§ **Problem**:
An exact copy of the listing is required, with its pictures removed.

§ **Input data**:

|---|

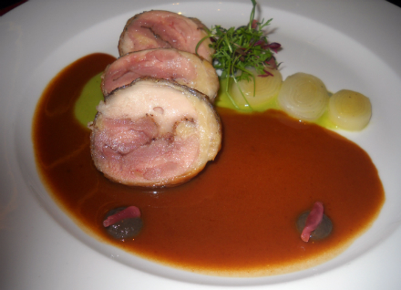 I started with the Dungeness crab or “Dormeu" ($9) which proved to be a brick of shredded crab with flecks of avocado and orange. Different from what I expected, but as fresh as if we were not far removed from an Alaskan fishing boat. The main course choice was identified as Pintaude a l’Etue — a slow-cooked guinea hen placed on a breathtaking sauce (shown right). While I indulged in an after-dinner Chocolate and Chocolate dessert, two chocolate pastries accompanied by Grand Marnier and delivered in a frozen thimble ($12 and worth the calories), I noticed the tabletop across from me was covered in a mist. My waitperson, shy but informative Viola, explained that this was an ice cream dessert, and that the “fog" was created when tea and cinnamon are poured over a dry ice bed. L’addition for lunch, with 17 percent service, was $67 per person. Lunch at a posh French restaurant in Manhattan the next day had less flair and cost $122. But go see for yourself; the experience cannot be duplicated this side of the English Channel, and we only have to go as far as the Hudson River. The Bocuse Restaurant at the Culinary Institute of America1946 Campus Drive (Route 9), Hyde Park, NY (845) 471-6608 Open: Tuesday through Saturday Lunch: 11:30 a.m.–1 p.m. Dinner: 6–8:30 p.m. Closed on Sundays, Mondays and major holidays.
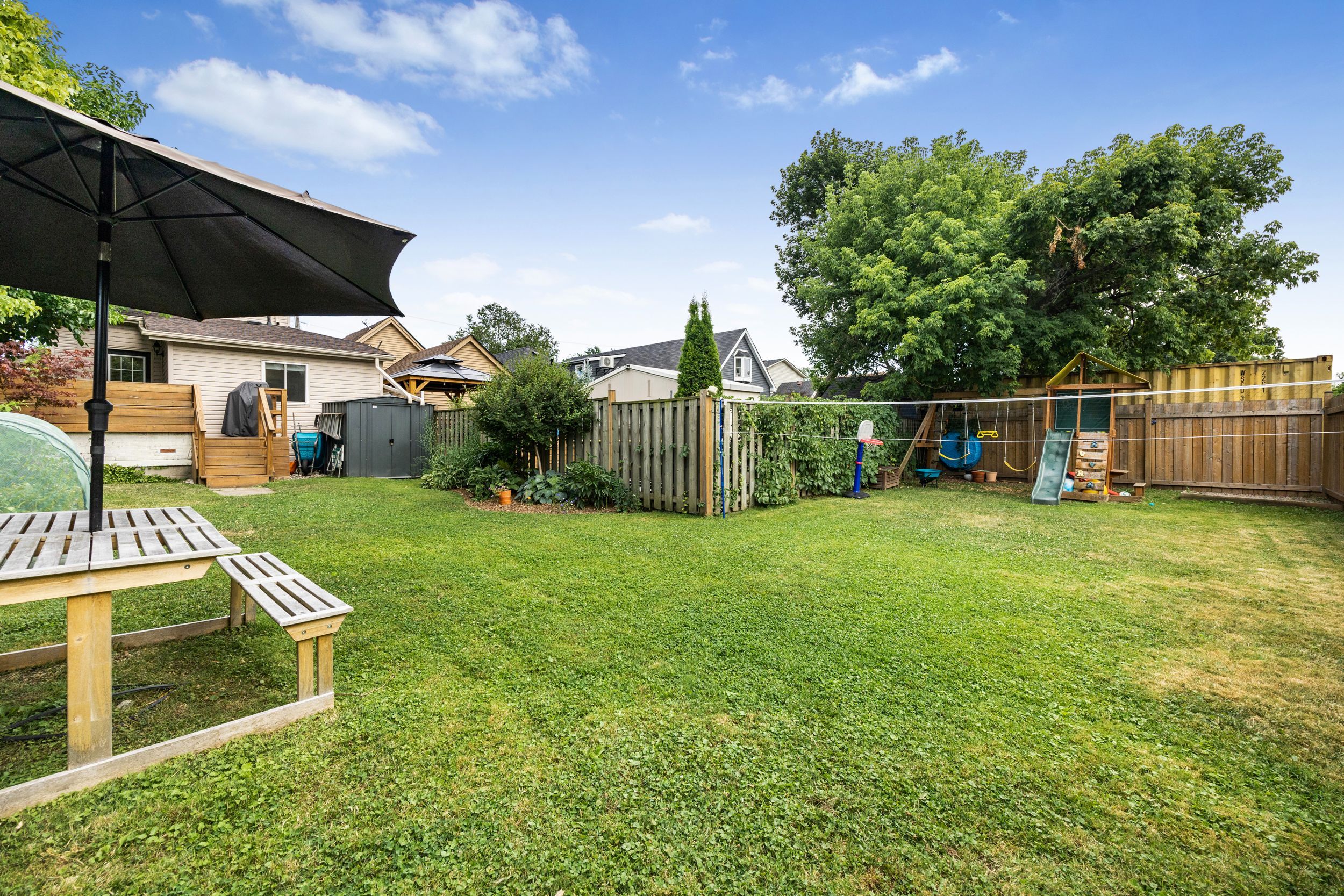 Fully updated & move-in ready, with an incredible backyard you have to see! Meticulously maintained with 1504 sq. Ft. Above grade, 3 big bedrooms, 2 full baths, blending modern updates with charming original character. Nothing to do here - with a renovation in 2019 and so many updates since: new driveway, furnace, ac, water tank, all appliances, landscaping, and more (details attached). The main floor features a bright open-concept layout unique for the area, stylish kitchen with stainless steel appliances, plus a main-level bedroom and full bath, perfect for guests, in-laws, single-level living, or make it an incredible home office or playroom. Upstairs, you'll find two surprisingly spacious bedrooms, a sleek 3-piece bath, and the ultimate convenience of upper level laundry! Outside, enjoy a cozy covered front porch, a private back deck ideal for entertaining, and an incredible backyard, double-wide at the rear with fresh landscaping, mature trees, perennials, and loads of space for kids, pets, gardening, or relaxing in total privacy. Extras include motion-sensor lighting and a new shed. Located just around the corner from the boys and girls club, queen mary elementary, ottawa street shops and market, gage park, and centre mall with easy transit access. A rare turnkey opportunity in a family-friendly, amenity-rich neighbourhood, this is the perfect affordable, turnkey starter home!
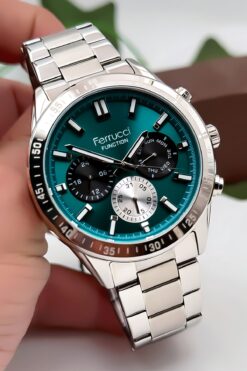 Ferrucci Function Erkek Kol Saati – Gümüş Renk Kasa Ve Çelik Kordon, Yeşil Kadran Zmfer063

|---|

§ **Reply**:
 I started with the Dungeness crab or “Dormeu" ($9) which proved to be a brick of shredded crab with flecks of avocado and orange. Different from what I expected, but as fresh as if we were not far removed from an Alaskan fishing boat. The main course choice was identified as Pintaude a l’Etue — a slow-cooked guinea hen placed on a breathtaking sauce (shown right). While I indulged in an after-dinner Chocolate and Chocolate dessert, two chocolate pastries accompanied by Grand Marnier and delivered in a frozen thimble ($12 and worth the calories), I noticed the tabletop across from me was covered in a mist. My waitperson, shy but informative Viola, explained that this was an ice cream dessert, and that the “fog" was created when tea and cinnamon are poured over a dry ice bed. L’addition for lunch, with 17 percent service, was $67 per person. Lunch at a posh French restaurant in Manhattan the next day had less flair and cost $122. But go see for yourself; the experience cannot be duplicated this side of the English Channel, and we only have to go as far as the Hudson River. The Bocuse Restaurant at the Culinary Institute of America1946 Campus Drive (Route 9), Hyde Park, NY (845) 471-6608 Open: Tuesday through Saturday Lunch: 11:30 a.m.–1 p.m. Dinner: 6–8:30 p.m. Closed on Sundays, Mondays and major holidays.
 Fully updated & move-in ready, with an incredible backyard you have to see! Meticulously maintained with 1504 sq. Ft. Above grade, 3 big bedrooms, 2 full baths, blending modern updates with charming original character. Nothing to do here - with a renovation in 2019 and so many updates since: new driveway, furnace, ac, water tank, all appliances, landscaping, and more (details attached). The main floor features a bright open-concept layout unique for the area, stylish kitchen with stainless steel appliances, plus a main-level bedroom and full bath, perfect for guests, in-laws, single-level living, or make it an incredible home office or playroom. Upstairs, you'll find two surprisingly spacious bedrooms, a sleek 3-piece bath, and the ultimate convenience of upper level laundry! Outside, enjoy a cozy covered front porch, a private back deck ideal for entertaining, and an incredible backyard, double-wide at the rear with fresh landscaping, mature trees, perennials, and loads of space for kids, pets, gardening, or relaxing in total privacy. Extras include motion-sensor lighting and a new shed. Located just around the corner from the boys and girls club, queen mary elementary, ottawa street shops and market, gage park, and centre mall with easy transit access. A rare turnkey opportunity in a family-friendly, amenity-rich neighbourhood, this is the perfect affordable, turnkey starter home!
 Ferrucci Function Erkek Kol Saati – Gümüş Renk Kasa Ve Çelik Kordon, Yeşil Kadran Zmfer063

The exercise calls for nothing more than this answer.